> **Exercise**
Records follow. Print exactly the lines from the one that has "The poses of" through the one that has "KB부동산이 발표한 주간KB아파트시장동향", inclusive, and omit the pictures.

> **Records provided**
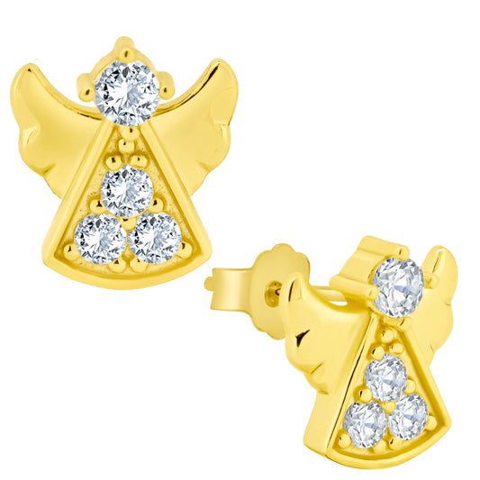 925 Sterling Silver Angel Design with Cubic Zirconia Design Earring Push Backing
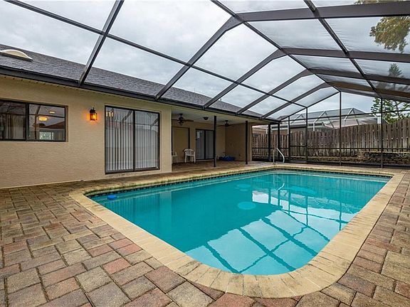 One or more photo(s) has been virtually staged. Gorgeous open floor plan and soaring cathedral ceilings! Fantastic Spring Hill pool home with newer laminate floors in the bedrooms, neutral gray interior paint throughout and a Huge pool and backyard. The lanai has Pavers and the Diamond bright finish in the pool looks terrific!ll This Home would be a wonderful option if you need to have an in law suite with a Split floor plan and 3 FULL BATHS. The community is golf cart friendly. Newer Samsung refrigerator and lots of cabinet space in the kitchen. We look forward to you seeing this spacious, well cared for home! Repaired sinkhole. Fully insurable. All documents available.
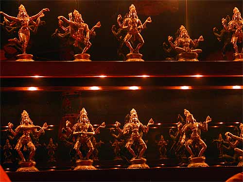 The poses of Lord Shiva performing the Tandavan dance come alive in the early morning light in the temple.
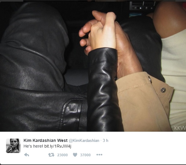 NEW YORK – “Lui è qui”. Kim Kardashian e il marito Kanye West hanno annunciato su Twitter la nascita del loro bambino. Il piccolo è sano è sta bene e i genitori non hanno ancora comunicato il nome del loro secondo figlio, dopo la piccola North 2 anni fa. Il bimbo è nato la mattina di sabato 5 dicembre e l’unica certezza per ora è che non si chiamerà “South“, come aveva scherzato Kim qualche tempo fa.
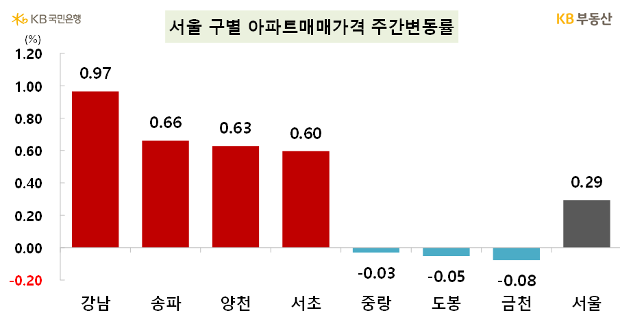 KB부동산이 발표한 주간KB아파트시장동향 자료에 따르면 전국 아파트 매매는 전주 대비 0.01%, 전세도 0.01% 상승했습니다. 서울 아파트 매매는 0.29%, 전세가 0.05% 상승하면서 지난 주보다 매매 변동폭이 커졌습니다. 경기도 매매는 -0.01% 하락, 전세 0.03% 상승, 수도권 매매는 0.08% 상승했습니다. 서울의 매수우위지수는 전주 69.4보다 소폭 하락한 68입니다.
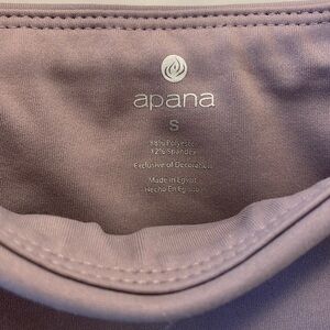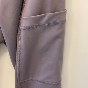 EC High Waisted Cropped mauve coloured leggings by Apana. Two side pockets with a thick feel to the fabric. Approximate measurements waist laying flat 12.5”, Rise 11”, Inseam 22”.
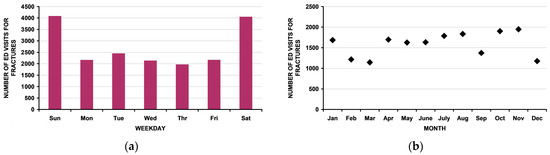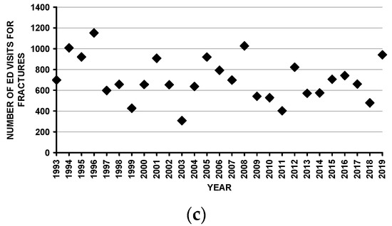 Temporal variability in the number of ED visits for fractures in children < 16 years old: (a) by day of the week. Note the increased number of ED visits on the weekend); (b) by month. Note that there is no apparent pattern. There was no change by month upon linear regression analysis: r2 = 0.057, p = 0.45. Additionally, cosinor analysis [37,38] demonstrated no rhythmic pattern as seen in many other pediatric non-firearm injuries [39,40,41]; (c) by year from 1993 through 2019. There was no change over time upon linear regression analysis: r2 = 0.05, p = 0.26.
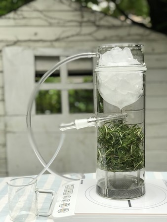 ヨモギ、柚子、ローズ、ローズマリー、月桃、ショウガなど季節によって様々な植物を蒸留。自家用蒸留器はガラス製で蒸留の過程がよくわかります。
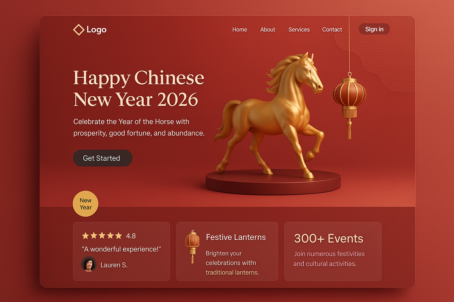 /Collection: /by davooda/Type: PNG/A vibrant landing page design for New Year 2026, featuring a 3D horse statue, festive lanterns, and a user-friendly layout with sections for features and testimonials.
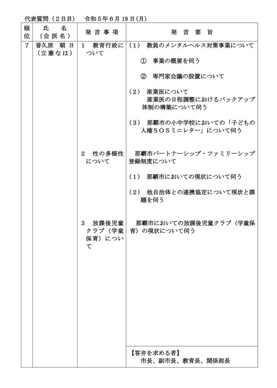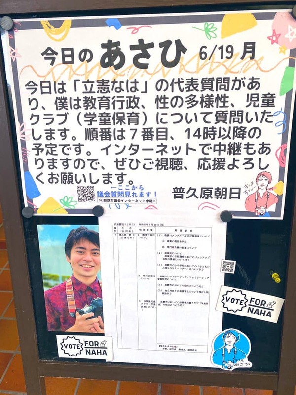 ホーム>政党・政治家>普久原 あさひ (フクハラ アサヒ)>はいさい☀️2023年6月19日(月)の#今日のあさひです✨本日は代表質問2日目です!僕は「#...
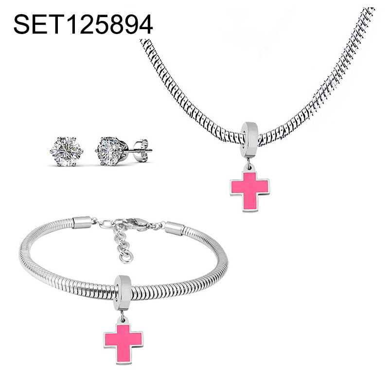 Home > Level B Stainless Steel New Trendy Children Jewelry Drip Oil/Enamel Cross Steel color 3pcs SET
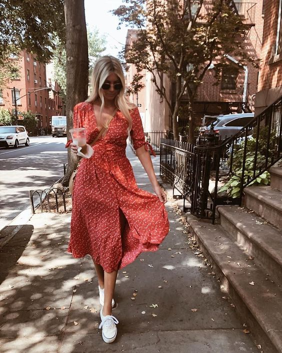 Look bem romântico e confortável. Aposte em vestidos fluídos usando tênis. Super combina!
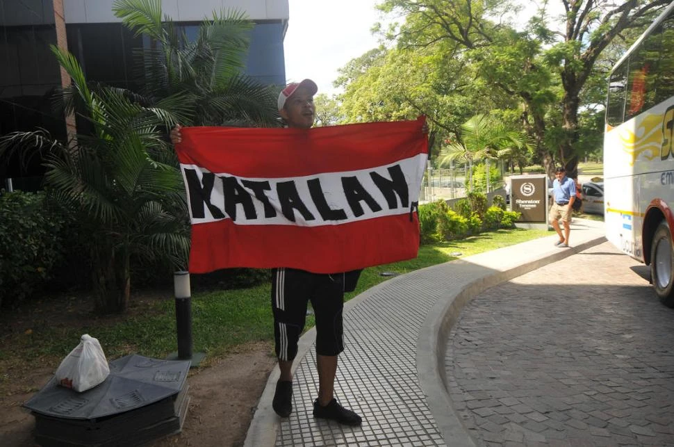 “Salí el lunes de la semana pasada. Me he venido transportando de país en país, de ciudad en ciudad. Durante el día trabajaba de cualquier cosa, y si tenía que pedir, pedía, para juntar dinero y seguir camino durante la noche. De esa manera me ahorraba también el hospedaje. Hasta que llegué aquí el martes”, contó Luis, quien le manifestó su apoyo a los jugadores del “Tiburón” agitando su bandera, que rezaba “Katalán”. “Representa a un amigo que me mataron allá en Barranquilla el 12 de diciembre. Por eso traje esta bandera conmigo, para rendirle homenaje y que él desde donde esté me acompañe”, reveló el fanático. Obligado a vivir al día, decidió pasar la noche en algún rincón de la Terminal de Ómnibus, para ahorrarse el hospedaje.
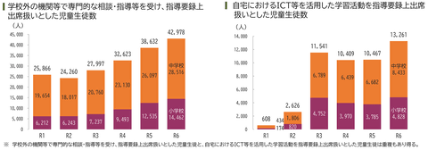 また、学校外の機関などで専門的な相談や指導を受け、指導要録上出席扱いとなった児童生徒数は42,978人に上った。さらに、自宅でICTを活用した学習活動を行い、出席扱いとされた児童生徒が13,261人、欠席期間中の学習成果を指導要録に反映した児童生徒数は81,467人と報告されている。
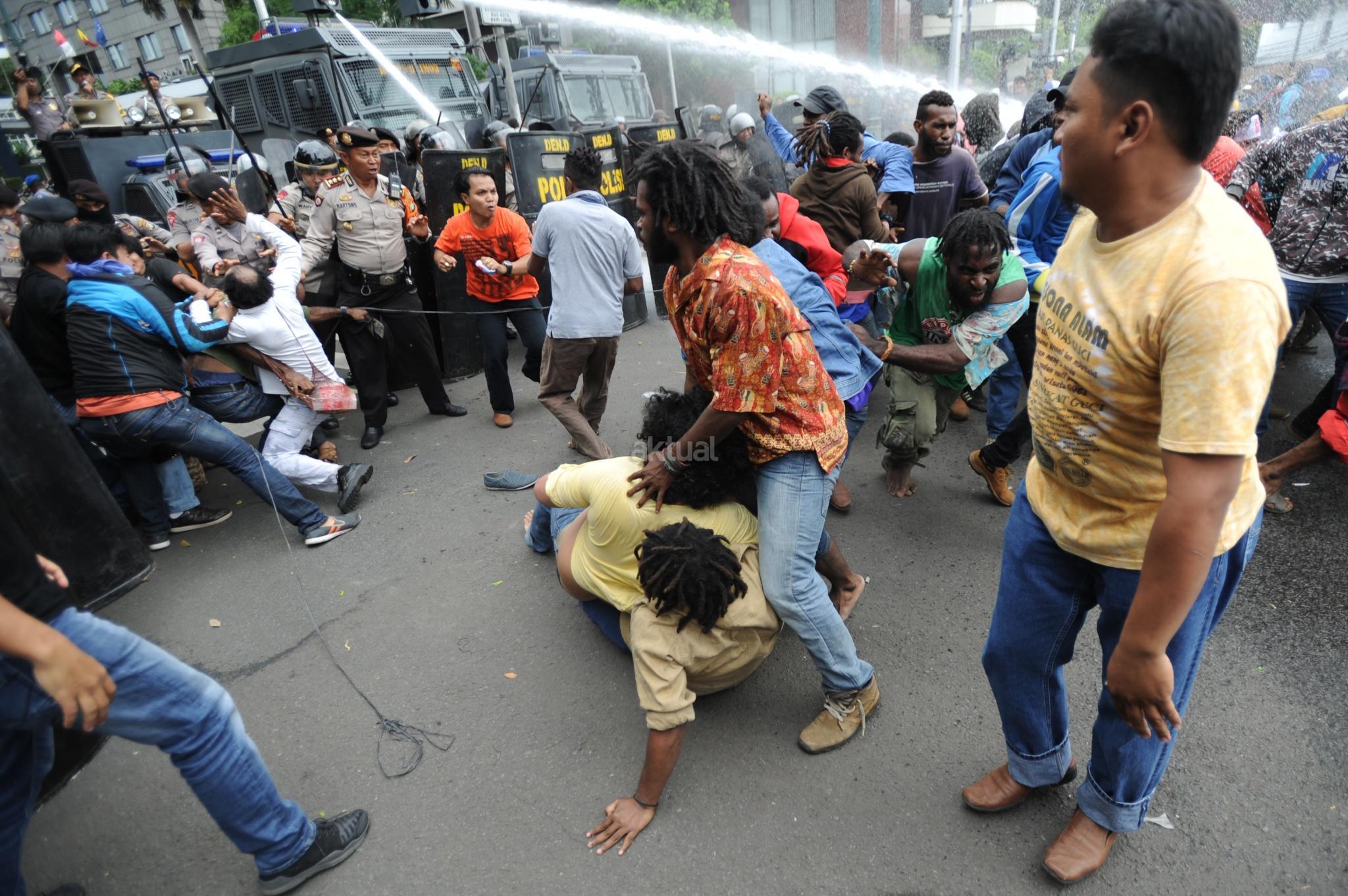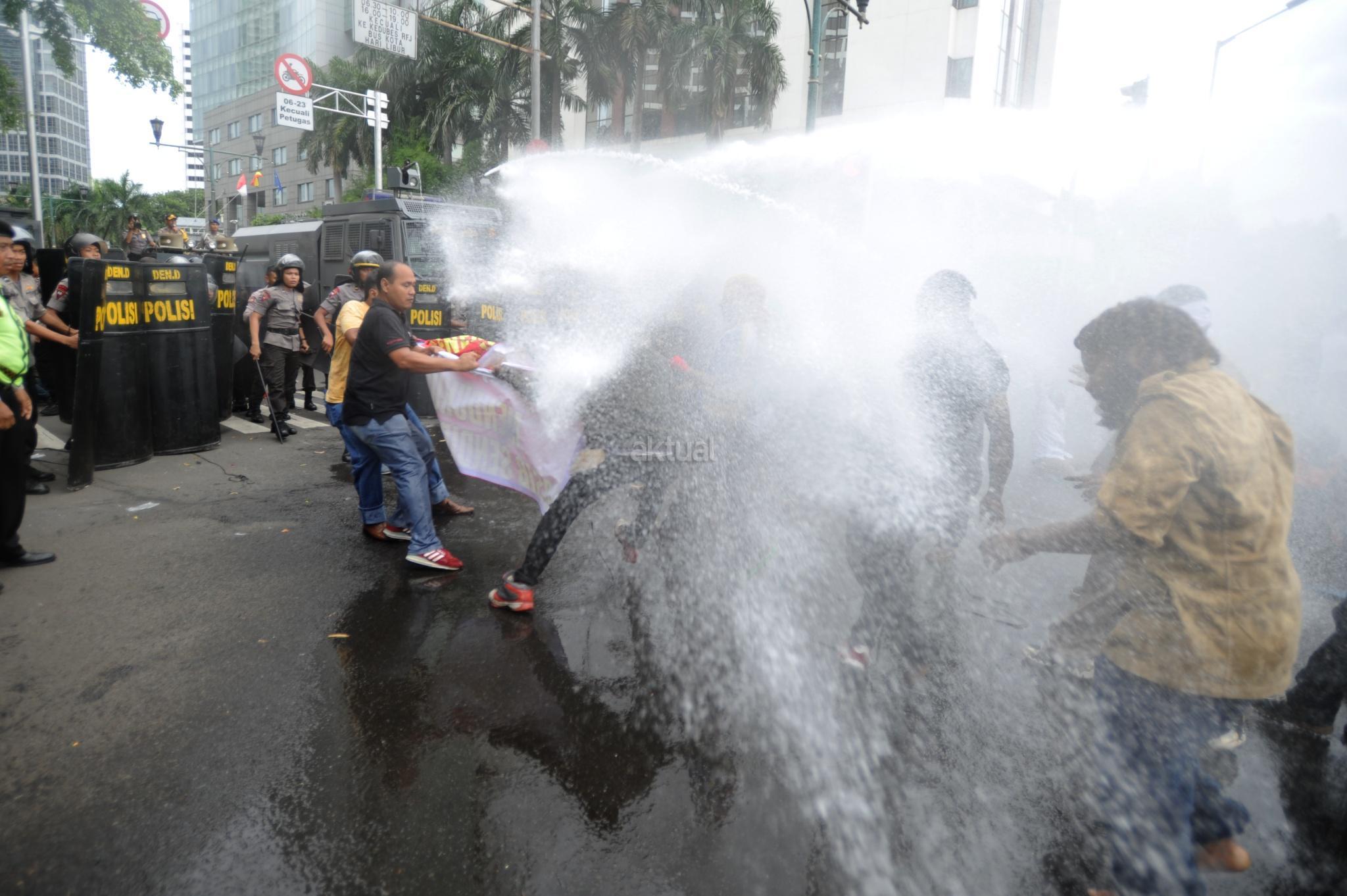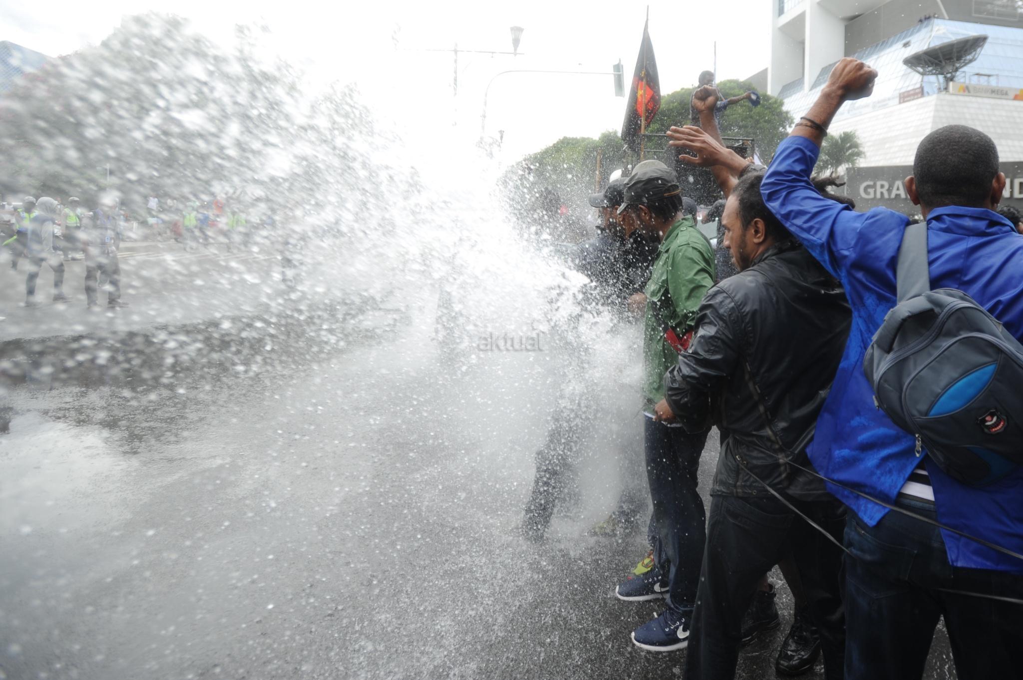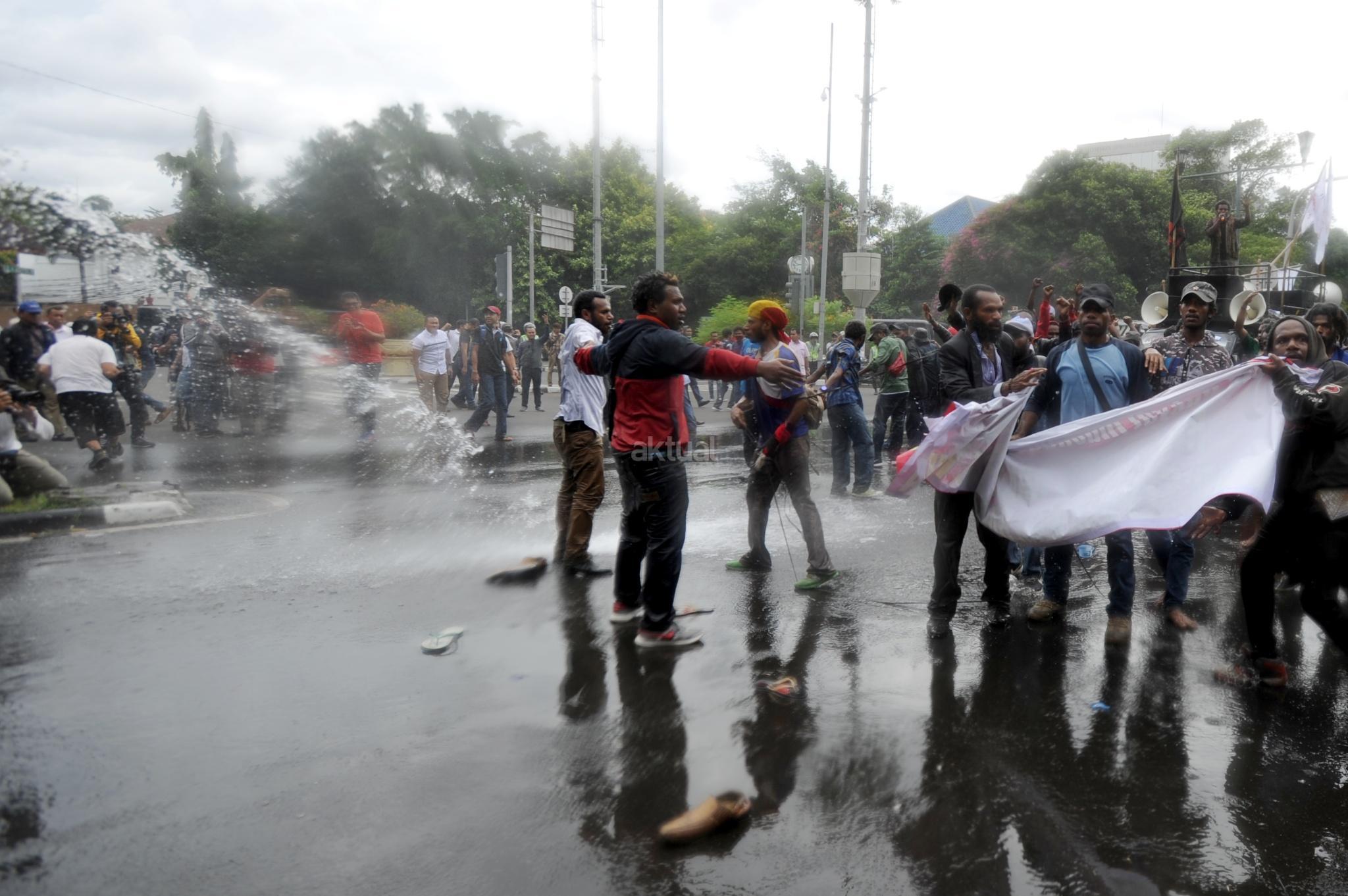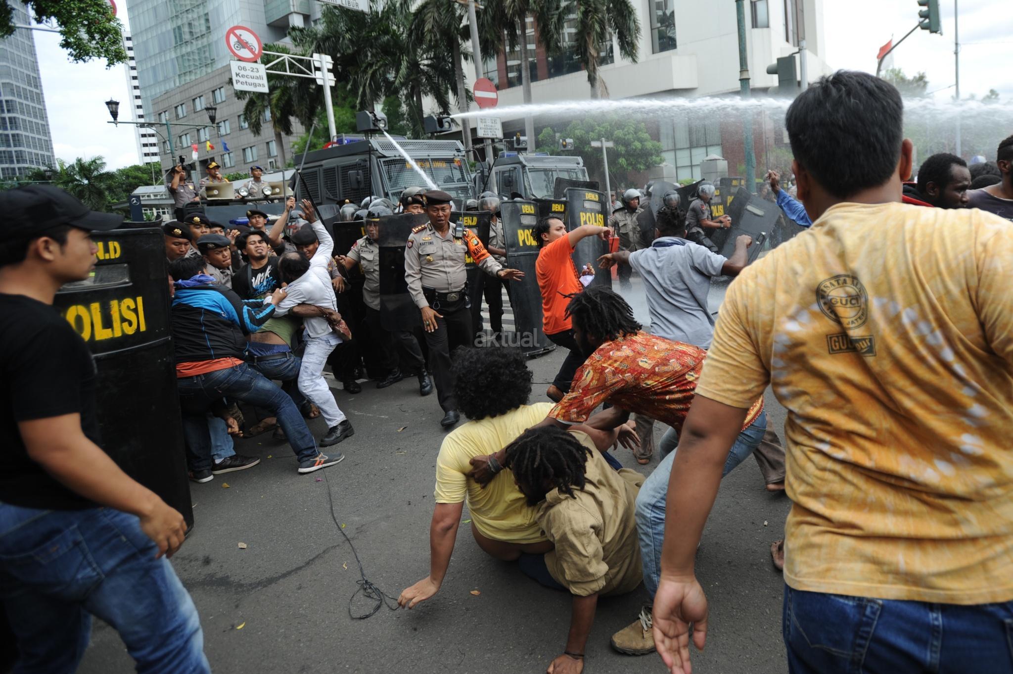Aksi Front Rakyat Indonesia (FRI) untuk Papua Barat ricuh saat polisi menghadang dengan water canon di perempatan Jalan Imam Bonjol, Jakarta Pusat, Kamis (1/12/2016). Aksi demonstrasi ini menuntut referendum bagi Papua pada 1 Desember 2016. Unjuk rasa yang akan diadakan di Bundaran Hotel Indonesia ini dihadang polisi saat akan memasuki kawasan Bundaran HI. AKTUAL/Tino Oktaviano

> **Completed exercise**
 The poses of Lord Shiva performing the Tandavan dance come alive in the early morning light in the temple.
 NEW YORK – “Lui è qui”. Kim Kardashian e il marito Kanye West hanno annunciato su Twitter la nascita del loro bambino. Il piccolo è sano è sta bene e i genitori non hanno ancora comunicato il nome del loro secondo figlio, dopo la piccola North 2 anni fa. Il bimbo è nato la mattina di sabato 5 dicembre e l’unica certezza per ora è che non si chiamerà “South“, come aveva scherzato Kim qualche tempo fa.
 KB부동산이 발표한 주간KB아파트시장동향 자료에 따르면 전국 아파트 매매는 전주 대비 0.01%, 전세도 0.01% 상승했습니다. 서울 아파트 매매는 0.29%, 전세가 0.05% 상승하면서 지난 주보다 매매 변동폭이 커졌습니다. 경기도 매매는 -0.01% 하락, 전세 0.03% 상승, 수도권 매매는 0.08% 상승했습니다. 서울의 매수우위지수는 전주 69.4보다 소폭 하락한 68입니다.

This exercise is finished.